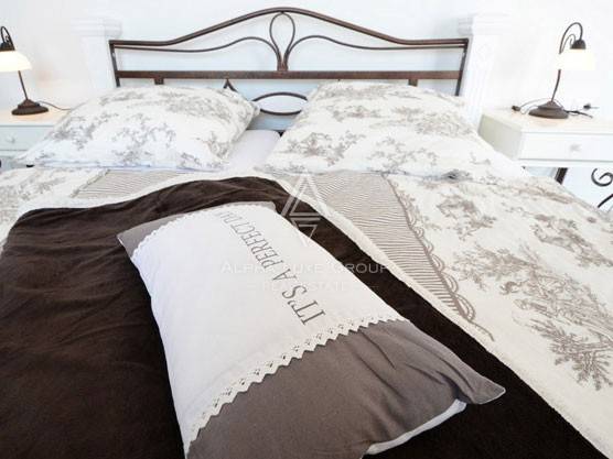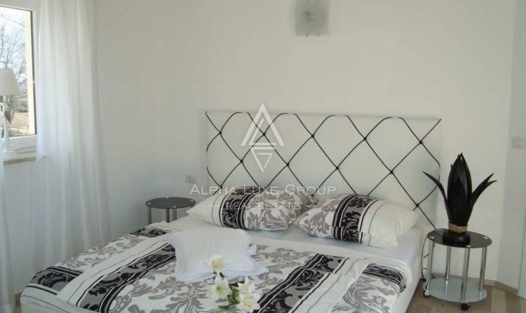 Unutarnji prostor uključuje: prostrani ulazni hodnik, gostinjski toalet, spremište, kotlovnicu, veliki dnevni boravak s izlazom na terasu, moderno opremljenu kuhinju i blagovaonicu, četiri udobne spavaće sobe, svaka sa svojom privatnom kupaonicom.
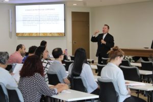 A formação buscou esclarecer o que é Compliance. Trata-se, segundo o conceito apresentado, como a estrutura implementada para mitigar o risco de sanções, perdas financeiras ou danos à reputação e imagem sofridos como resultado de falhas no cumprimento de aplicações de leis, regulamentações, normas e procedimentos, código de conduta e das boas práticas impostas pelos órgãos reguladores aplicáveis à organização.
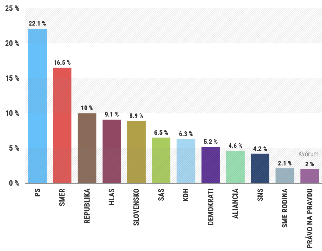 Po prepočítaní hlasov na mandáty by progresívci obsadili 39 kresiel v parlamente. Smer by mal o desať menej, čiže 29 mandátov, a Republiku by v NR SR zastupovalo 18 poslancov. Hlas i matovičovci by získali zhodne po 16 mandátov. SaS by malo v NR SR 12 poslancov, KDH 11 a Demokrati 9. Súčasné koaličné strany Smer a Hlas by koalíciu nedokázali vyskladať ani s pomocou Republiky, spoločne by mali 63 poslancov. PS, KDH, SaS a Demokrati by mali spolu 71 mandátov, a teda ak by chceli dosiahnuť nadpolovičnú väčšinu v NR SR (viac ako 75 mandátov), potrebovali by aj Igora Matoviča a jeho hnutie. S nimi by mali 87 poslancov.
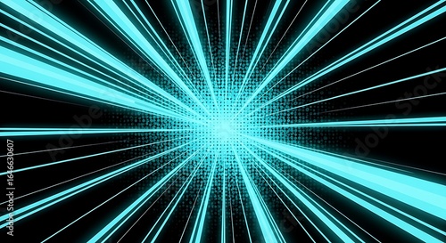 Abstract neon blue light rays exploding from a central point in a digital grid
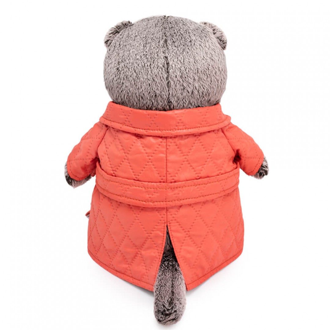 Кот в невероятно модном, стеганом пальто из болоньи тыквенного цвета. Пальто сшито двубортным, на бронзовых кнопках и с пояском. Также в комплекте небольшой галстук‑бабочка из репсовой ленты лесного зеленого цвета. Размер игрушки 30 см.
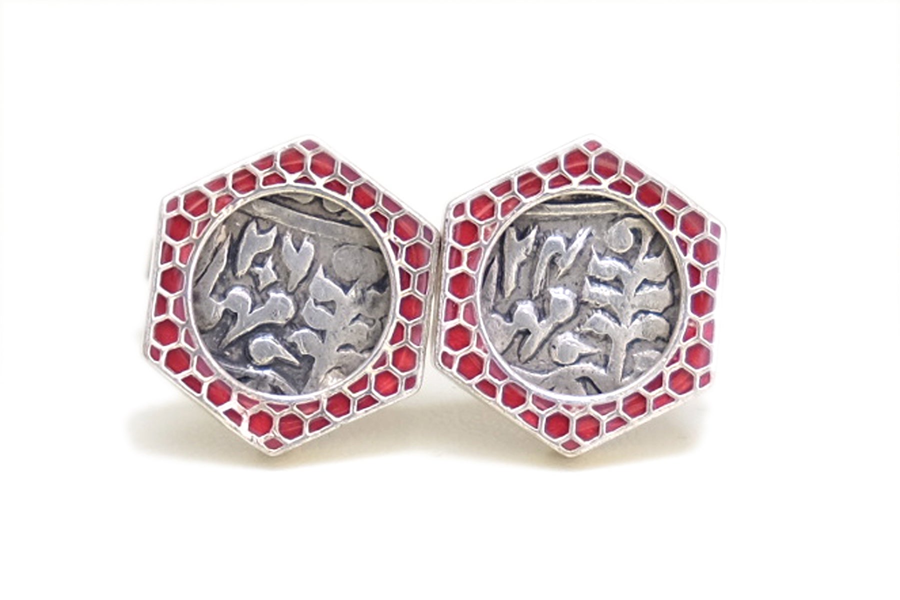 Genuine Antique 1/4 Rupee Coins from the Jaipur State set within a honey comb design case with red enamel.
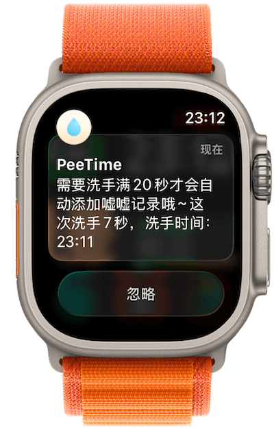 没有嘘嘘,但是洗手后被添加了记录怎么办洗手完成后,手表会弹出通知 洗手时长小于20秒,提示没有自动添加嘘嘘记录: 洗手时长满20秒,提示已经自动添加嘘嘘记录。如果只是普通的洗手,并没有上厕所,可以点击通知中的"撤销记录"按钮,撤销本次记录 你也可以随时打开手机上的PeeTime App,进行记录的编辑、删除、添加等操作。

============

What the task requires.
Write out again the lines from the one with "Po prepočítaní hlasov" through the end of the records exactly, without any of the pictures.

Solution to this exercise.
 Po prepočítaní hlasov na mandáty by progresívci obsadili 39 kresiel v parlamente. Smer by mal o desať menej, čiže 29 mandátov, a Republiku by v NR SR zastupovalo 18 poslancov. Hlas i matovičovci by získali zhodne po 16 mandátov. SaS by malo v NR SR 12 poslancov, KDH 11 a Demokrati 9. Súčasné koaličné strany Smer a Hlas by koalíciu nedokázali vyskladať ani s pomocou Republiky, spoločne by mali 63 poslancov. PS, KDH, SaS a Demokrati by mali spolu 71 mandátov, a teda ak by chceli dosiahnuť nadpolovičnú väčšinu v NR SR (viac ako 75 mandátov), potrebovali by aj Igora Matoviča a jeho hnutie. S nimi by mali 87 poslancov.
 Abstract neon blue light rays exploding from a central point in a digital grid
 Кот в невероятно модном, стеганом пальто из болоньи тыквенного цвета. Пальто сшито двубортным, на бронзовых кнопках и с пояском. Также в комплекте небольшой галстук‑бабочка из репсовой ленты лесного зеленого цвета. Размер игрушки 30 см.
 Genuine Antique 1/4 Rupee Coins from the Jaipur State set within a honey comb design case with red enamel.
 没有嘘嘘,但是洗手后被添加了记录怎么办洗手完成后,手表会弹出通知 洗手时长小于20秒,提示没有自动添加嘘嘘记录: 洗手时长满20秒,提示已经自动添加嘘嘘记录。如果只是普通的洗手,并没有上厕所,可以点击通知中的"撤销记录"按钮,撤销本次记录 你也可以随时打开手机上的PeeTime App,进行记录的编辑、删除、添加等操作。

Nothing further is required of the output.